Kyai Haji Abdurrahman Wahid atau yang akrab dipanggil Gus Dur lahir di
Jombang, Jawa Timur pada tanggal 7 September 1940. Ia lahir dengan nama
Abdurrahman Adakhil yang berarti sang penakluk. Karena kata “Adakhil” tidak
cukup dikenal, maka diganti dengan nama “Wahid” yang kemudian lebih dikenal
dengan Gus Dur. Gus adalah panggilan kehormatan khas Pesantren kepada seorang
anak kiai yang berarti “abang atau mas”.
Gus Dur adalah anak pertama dari enam bersaudara. Ia lahir dari keluarga
yang cukup terhormat. Kakek dari ayahnya, K.H. Hasyim Asyari, merupakan pendiri
Nahdlatul Ulama (NU). Sementara itu kakek dari pihak ibu, K.H. Bisri Syansuri,
adalah pengajar pesantren pertama yang mengajarkan kelas pada perempuan.
Ayahnya K.H. Wahid Hasyim merupakan sosok yang terlibat dalam Gerakan
Nasionalis dan menjadi Menteri Agama tahun 1949, sedangkan ibunya Ny. Hj.
Sholehah adalah putri pendiri Pondok Pesantren Denayar Jombang.
Gus Dur pernah menyatakan secara terbuka bahwa ia adalah keturunan
TiongHoa dari Tan Kim Han yang menikah dengan Tan a Lok, yang merupakan
saudara kandung dari Raden Patah (Tan Eng Hwa) yang merupakan pendiri
kesultanan Demak. Tan a Lok dan Tan Eng Hwa ini merupakan anak dari Puteri
Campa yang merupakan Puteri Tiongkok yaitu selir Raden Brawijaya V. Berdasarkan
penelitian seorang peneliti Perancis Louis Charles Damais, Tan Kim Han
diidentifikasikan sebagai Syekh Abdul Qodir Al Shini yang makamnya ditemukan di
Trowulan.
Pada tahun 1944 Abdurrahman Wahid pindah dari kota asalnya Jombang
menuju Jakarta, karena pada saat itu ayahnya terpilih menjadi ketua pertama Partai
Majelis Syuro Muslimin Indonesia yang biasa disingkat “Masyumi”. Masyumi adalah
sebuah organisasi dukungan dari tentara Jepang yang pada saat itu menduduki
Indonesia. Setelah deklarasi kemerdekaan Indonesia pada tanggal 17 Agustus 1945,
Gus Dur kembali ke Jombang dan tetap berada di sana selama perang
mempertahankan kedaulatan Indonesia melawan Belanda. Ia kembali ke Jakarta pada
akhir perang tahun 1949 karena ayahnya ditunjuk sebagai Menteri Agama.

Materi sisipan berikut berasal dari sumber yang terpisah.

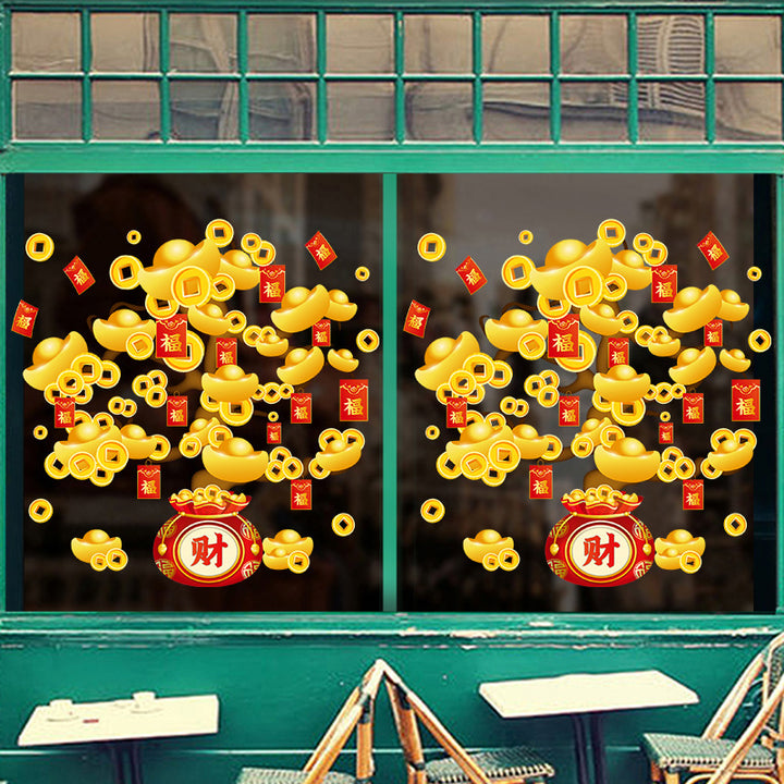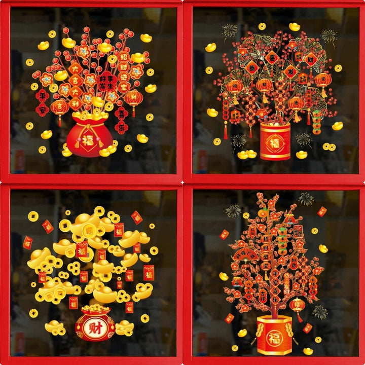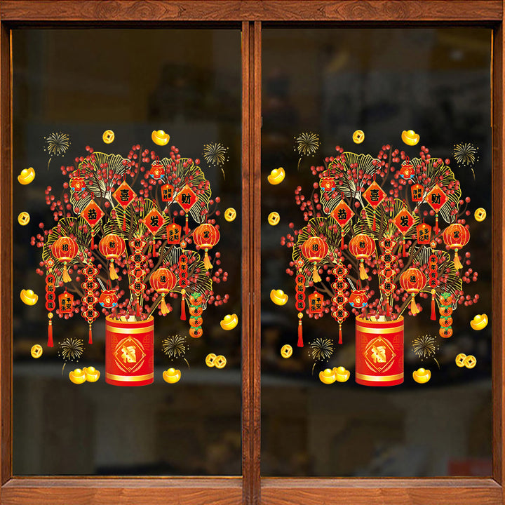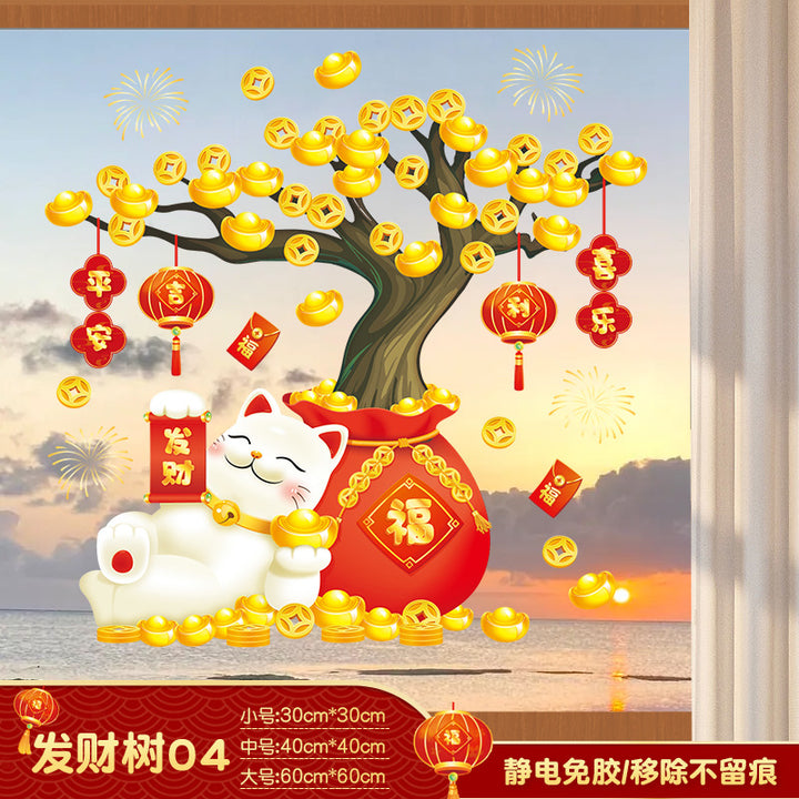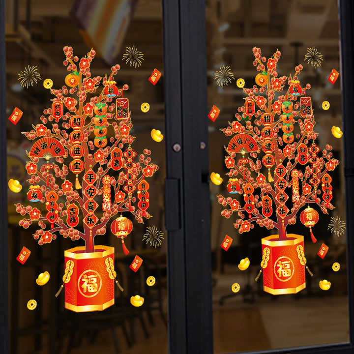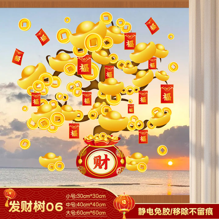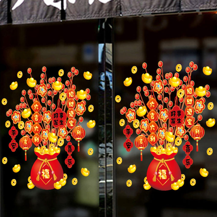 New Year's static sticker window grilles New Spring Festival decoration Fu character fortune tree lucky bag kitchen glass sticker no glue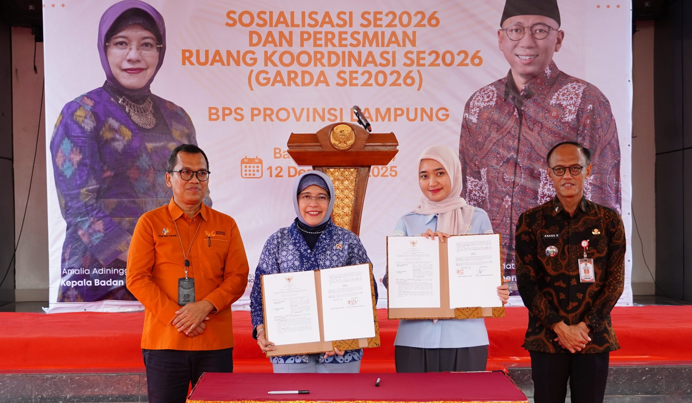 Penandatanganan dilakukan dalam kegiatan Sosialisasi Sensus Ekonomi 2026 serta peresmian Ruang Koordinasi GARDA SE2026 di halaman Kantor BPS Lampung, Jumat (12/12/2025).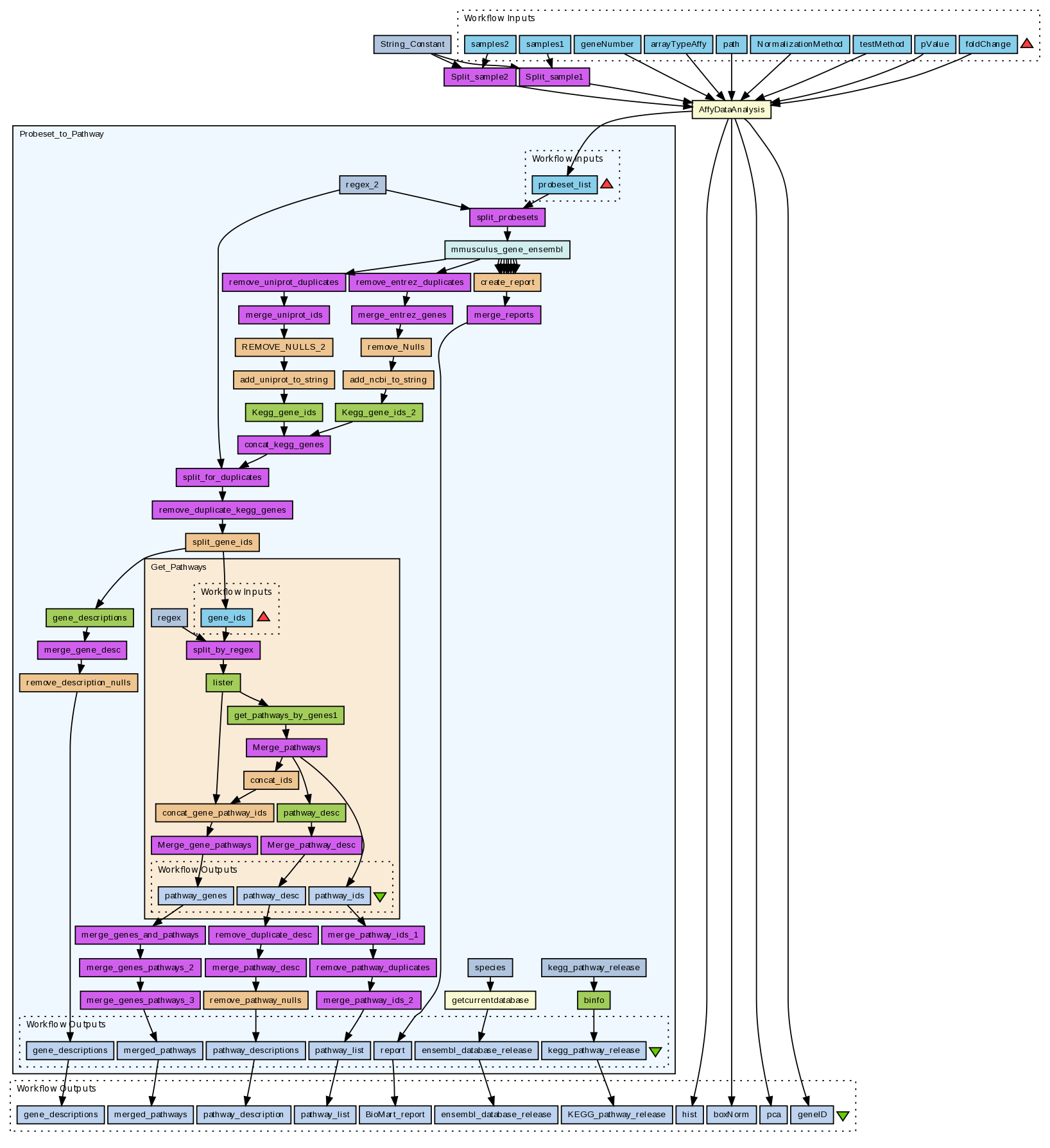 The example inputs for this workflow are as follows: Samples1 = one or more CEL files for cross-correlating with Samples2 CEL files (new line separated): Liver_Day1_Mouse.CEL Liver_Day2_Mouse.CEL Samples2 = one or more CEL files for cross-correlating with Samples1 CEL files (new line separated): Kideny_Day1_Mouse.CEL Kidney_Day2_Mouse.CEL geneNumber = the number of differentialy expressed gene to be returned above a given p-value, e.g. 20 arrayTypeAffy = the name of the Mouse AffyMetrix array used, e.g. mouse4302 path = the direct path to the CEL file location, e.g. C:\Microarray_Data\CEL_FILES\ - note the forward slashes NormalizationMethod = the type of normalisation to perfrom, e.g. rma, gcrma or mmgmos testMethod = e.g. limma, mmtest or pplr p-value = the p-value cut-off value for the array data, e.g. 0.05 foldChange = the fold change value for the microarray data, e.g. 1 (means greater than 1 or less than -1)
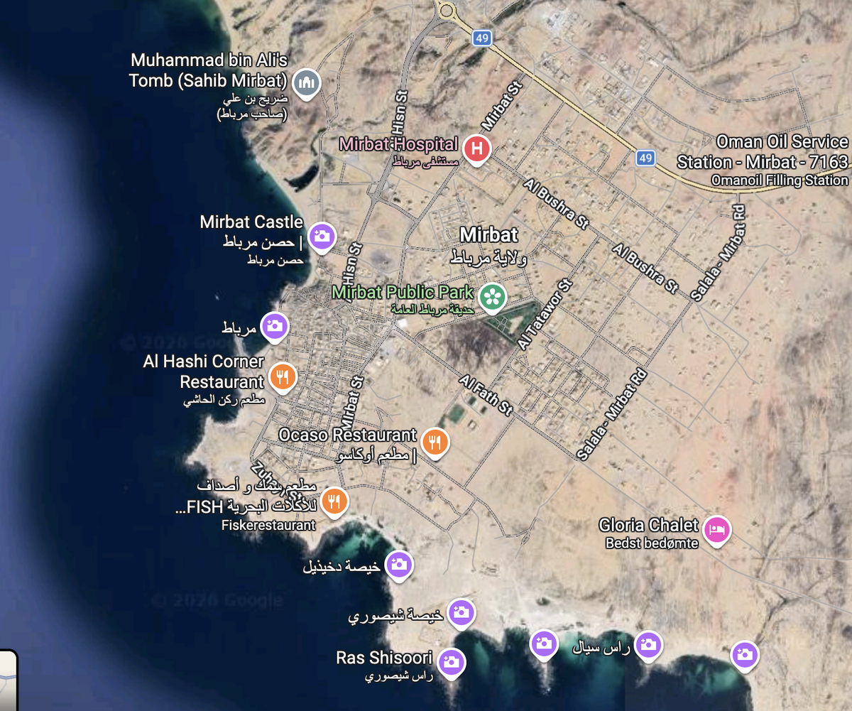 Есть там небольшой городок Мирбат, ничем не примечательный, кроме небольшой крепости, стоящей на берегу моря.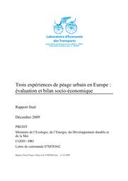 Ce rapport commence par une présentation de la méthodologie d'évaluation utilisée, notamment le modèle de péage de congestion standard ainsi que le modèle d'évaluation des bénéfices pour les transports collectifs. Il expose ensuite les évaluations des expériences de péage urbain de Londres (depuis 2003), Stockholm (2006), Oslo (depuis 1991). Il conclut par les enseignements retirés de l'évaluation de ces trois expériences.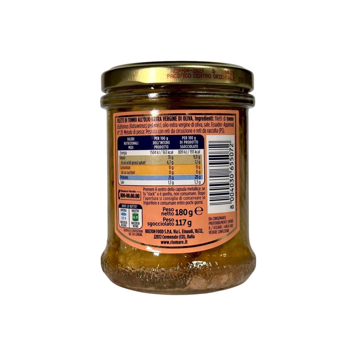 Філе тунця Rio Mare Filetti di Tonno виробляється виключно з добірного тунця (Katsuwonus pelamis), виловленого у відкритому морі за сертифікованими стандартами сталого рибальства. Кожне філе обробляється вручну, потім заливається найкращою оливковою олією Extra Vergine, щоб зберегти ніжну текстуру та природний смак риби. Ідеально для салатів, пасти, брускет або як окремий делікатес.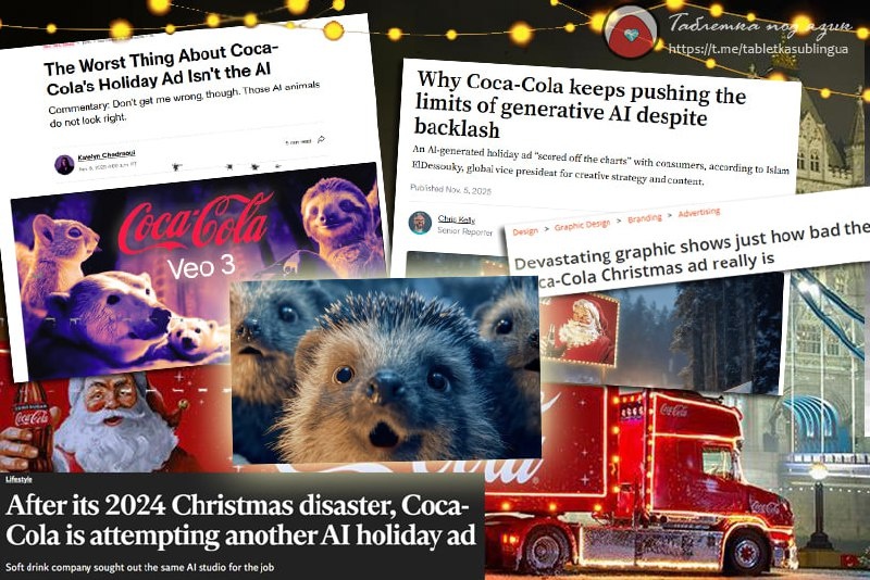 ? Ещё в прошлом году возмущённые покупатели обвинили компанию Coca-Cola в вытеснении художников и убийстве радостной рождественской эстетики из-за использования ИИ при воссоздании её культового рекламного ролика “Holidays are Coming”. И что компания сделала в этом году? Правильно! Кока-кола в этом году снова выпустила новогодний ролик, сгенерированный ИИ, причём с той же концепцией, созданной той же студией Secret Level. Несмотря на уверенность в том, что в этом-то году всё будет иначе, реклама уже огребла по полной получила негативную реакцию от зрителей. 🤩🤩 🤩🤩Рекламный ролик простой. Грузовик Coca-Cola проезжает по зимнему пейзажу и попадает в заснеженный город, а лесные звери просыпаются и следуют за грузовиком к зажжённой рождественской ёлке на городской площади. 🤨 Зрители заметили, что грузовики меняют форму от кадра к кадру, колёса появляются и исчезают, а антропоморфные животные двигаются неестественно. Комментаторы называют результат бездушным, жутким и призывают к бой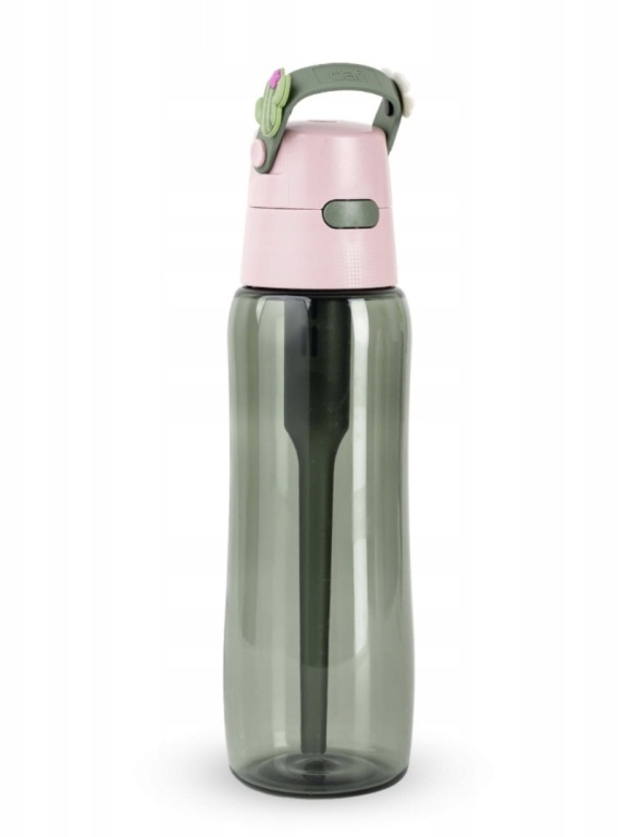Poręczna butelka filtrująca wielokrotnego użytku wykonana z wytrzymałego Tritan™ wyposażona w wymienny co miesiąc filtr węglowy (naturalne medium filtrujące wytwarzane z łupin orzecha kokosowego). Usuwa on z wody kranowej nieprzyjemny smak i zapach chloru. Pozostawia niezmienioną ilość minerałów naturalnie w niej występujących (głównie wapnia i magnezu), dzięki czemu woda zachowuje cenne dla zdrowia pierwiastki. Lekko podwyższa pH wody, co przekłada się na jej jakość. Jest całkowicie pozbawiona szkodliwego Bisfenolu A i dopuszczona do kontaktu z wodą na podstawie odpowiednich atestów.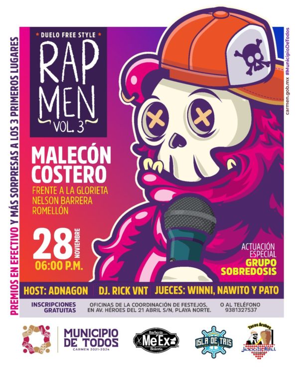 Es momento de hacer sonar tu voz y tus ideas en el Duelo Free Style Rap Men Vol. 3 que se realizará el próximo domingo 28 de noviembre en el Malecón Costero en punto de las 06:00 P.M., el Gobierno Municipal de Carmen, a través de la Dirección de Educación y Cultura, te invita a participar, la inscripción es totalmente gratis.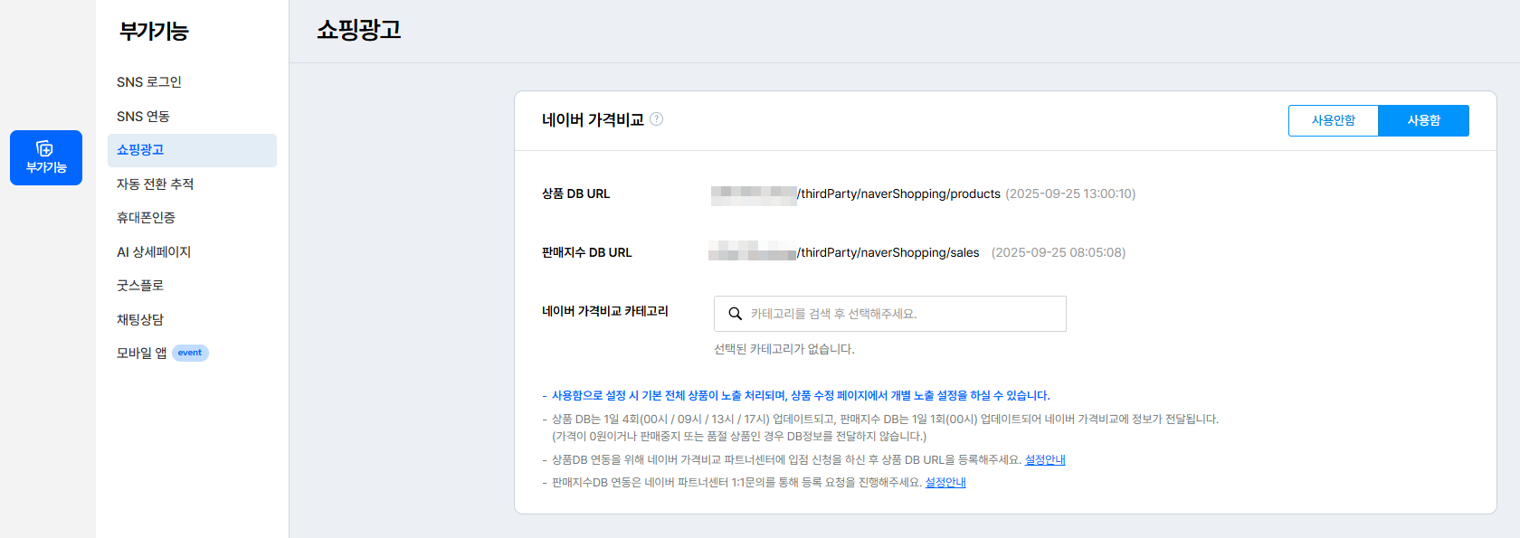 관리자 페이지 > 부가기능 > 쇼핑광고 > 상품 DB URL 확인
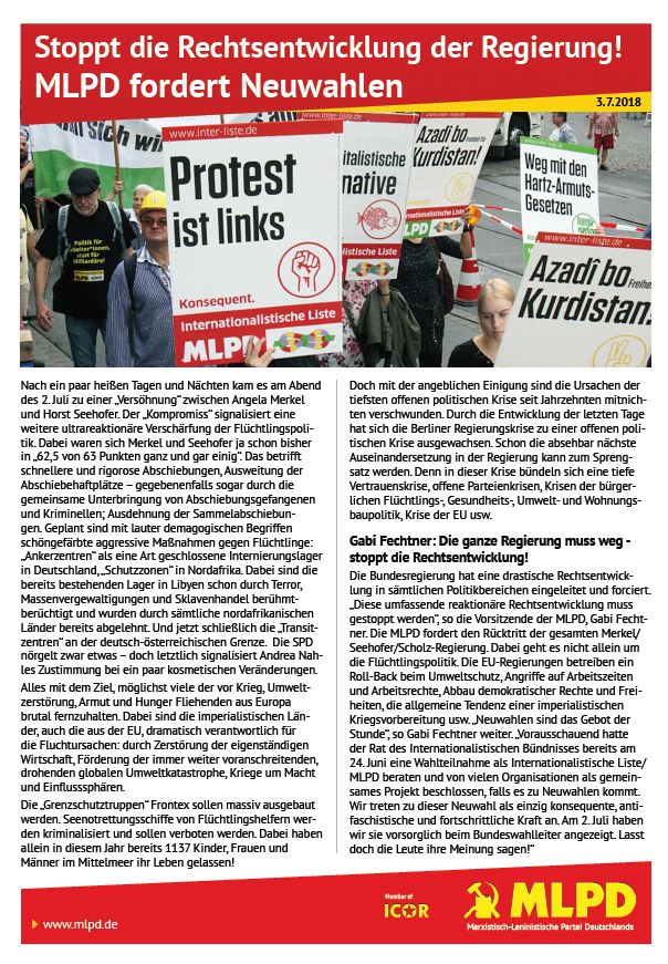 Vordergrundbild z.B. ein Screenshot des Flugblattes Hintergrundbild z.B. ein Foto 319 * 177 Pixel breit Text kurzer Anreißer z.B. "Erklärung des Zentralkomitees der MLPD: Aktiver Widerstand gegen imperialistische Kriegsvorbereitung!" Die MLPD fordert Neuwahlen und Rücktritt der Regierung. Sie informiert auch über die Angriffe auf ihre Parteizentrale. Buttontext z.B. "Flugblatt lesen" Flugblatt lesen Buttonlink z.B. "2018/kw14/dieses-flugblatt-in-pdf-format-in-farbe" https://www.rf-news.de/2018/kw27-1/180703-flugblatt-mlpd-fordert-neuwahlen_rz.pdf Inhalte Dieser Ordner hat zur Zeit keinen Inhalt.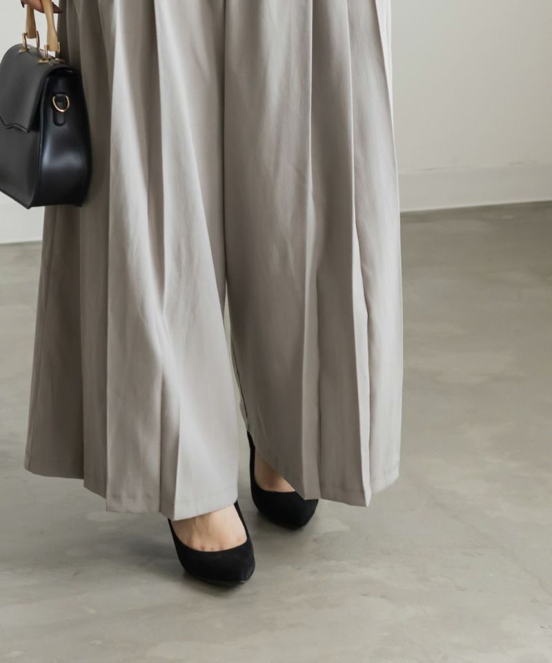 3Lを着用してちょうどいいサイズでした。程よくゆとりがありつつすっきり見えるシルエットで、楽ちんな着心地です!後ろウエストゴムでストレスフリーに穿けて、長時間のお出かけにも快適です◎季節感のあるスエードっぽい生地ですが、薄手で軽いので、動きやすさもありました。プリーツデザインがお洒落でシンプルなトップスとも相性がいいのでスタイリングに悩まず着回しが出来ます。オールシーズン使える便利なワイドパンツは脚のラインを拾いずらくリラックスして着られるのに、きちんと見えするのも嬉しいです。デイリーからお仕事までつかえる万能な1本です。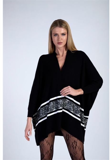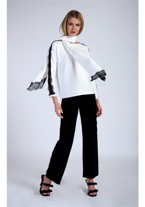 MAGLIA CON PIZZO A CONTRASTO E SCIARPINA ABBINATA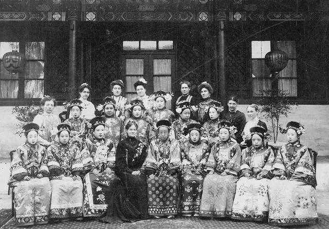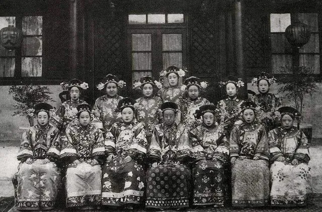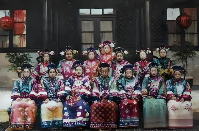 这张合影里衣料最会说话,缎面一翻就能想见手感,十二位旗装女子坐得端端正正,发上花苞像刚打了露的海棠,前排中间那位荣寿公主气定神闲,旁边绣金的小袍子泛着光,奶奶看了直咂舌,说过去嫁娶讲排场,连袖口里都绣故事。

Gus Dur menempuh ilmu di Jakarta dengan masuk ke SD Kris sebelum
pindah ke SD Matraman Perwari. Pada tahun 1952 ayahnya sudah tidak menjadi
Menteri Agama tetapi beliau tetap tinggal di Jakarta. Pada tahun 1953 di bulan April
ayah Gus Dur meninggal dunia akibat kecelakaan mobil.